The lower court in a well written opinion has correctly set forth the issues of this case and found the facts and arrived at the proper legal conclusion. The opinion is as follows:

“This is a suit for damages arising out of an alleged illegal provisional seizure. The aggregate amount sued for is $1652.50, itemized as follows:
1. For embarrassment, humiliation and mental pain' and suffering . $ 500.00
2. For inconvenience and physical discomfort sustained by plaintiff and his family. 500.00
3. For injuries and damage to petitioner’s credit. 500.00
4. Storage and drayage... 2.50
5. Attorney’s fees. 150.00
Total. $1652.50
“The defendant had leased one of its dwelling’ houses in the City of Alexandria to a Mrs. G. O. Lowell, said dwelling con *159 sisting oí some five bedrooms and located at Texas Avenue and Harris Street, said City.

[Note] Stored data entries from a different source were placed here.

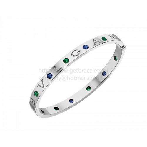 Bracciale rigido BVLGARI BVLGARI in oro bianco con 6 zaffiri blu e 6 tsavoriti
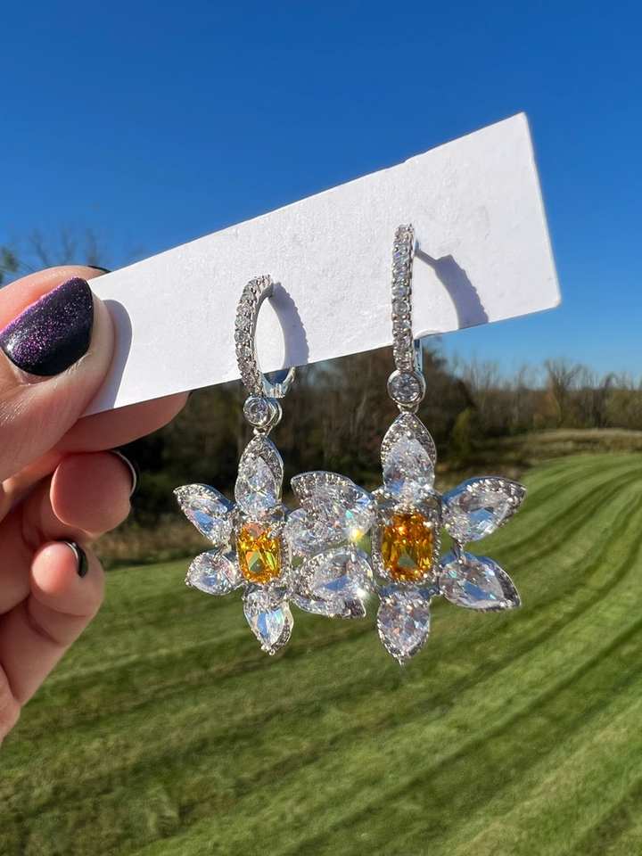 May Flower Bridal Earring Yellow Zircon Super Luxury Shining Long Tassel Earring 925 Sterling Silver Drop Dangle Perfect Jewelry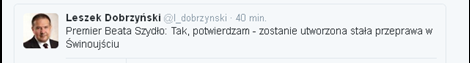 Chwilę przed głosowaniem nad wotum zaufania dla rządu Beaty Szydło, w czasie odpowiedzi na pytania poselskie, pani premier obiecała, że w Świnoujściu powstanie stała przeprawa drogowa.

“Plaintiff alleges that he had subleased from Mrs. Lowell one of the rooms in said dwelling at a monthly rental of $8.00, payable in semi-monthly sums of $4.00 each in advance, and that he owed no rent at the time. Hill, Harris & Company, Inc., provisionally seized plaintiff’s property along with the'property of Mrs. Lowell in satisfaction for rent due by Mrs. Lowell.
“Mrs. Lowell having bécome delinquent in her rent payments, defendant Company, on May 19, 1938, seized the following property belonging to plaintiff and located within the room occupied by him and his family under said sub-lease from Mrs. Lowell, to-wit: 1 vanity dresser; 1 Philco radio; 1 2-piece living room suite, composed of couch and chair; 1 large cqngo-leum rug, and 1 ice box. It is alleged that the couch seized was being used by him and his family as their bed on which they slept.

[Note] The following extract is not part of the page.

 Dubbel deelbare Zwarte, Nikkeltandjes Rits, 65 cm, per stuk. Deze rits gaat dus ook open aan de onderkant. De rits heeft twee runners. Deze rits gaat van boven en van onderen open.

“It is alleged that plaintiff’s rent being paid in advance on May 6, 1938, up to May 21, 1938, the defendant company had no right to seize his said property in payment of a rent claim against Mrs. Lowell.
“It is alleged that said seizure was made in plaintiff’s absence at work, and that his wife was present and vehemently protested against the seizure, but without avail; that his said property was removed from the premises on the same day it was seized, and when plaintiff arrived from his work he found his wife out on the street completely distraught and in a state of hysteria.

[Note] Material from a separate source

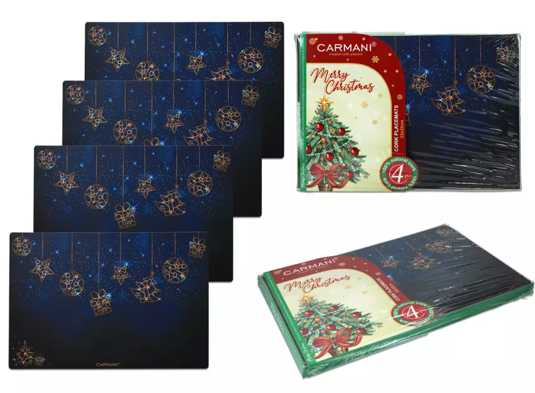 Komplet 4 podkładek korkowych na stół z motywem Świąt Bożego Narodzenia. Doskonale sprawdzą się pod talerze, kubki i inne gorące naczynia.

“Plaintiff alleges that it was late in the day, and it was with great difficulty that he finally arranged for another house near by which he and his wife and child had to occupy by sleeping on the floor which was quite filthy and badly infested with mosquitoes; that it was not until late next day that he was able to secure another house to move to and it was not until the 25th of the month (May) that he was able to secure the release of his said seized furniture from defendant and moved to the house he had secured from another party, and then had to pay $2.50 drayage charges to have it moved from the storage where defendant had had it moved to, to be kept in custody, or rather that said furniture had been so moved and stored by Mr. Blalock, the City Marshal, in the execution of the writ of provisional seizure. Plaintiff also alleges that he was compelled to secure the service of an attorney in order to get his furniture released. He also alleges that as a result of the seizure of his furniture, his credit was greatly impaired.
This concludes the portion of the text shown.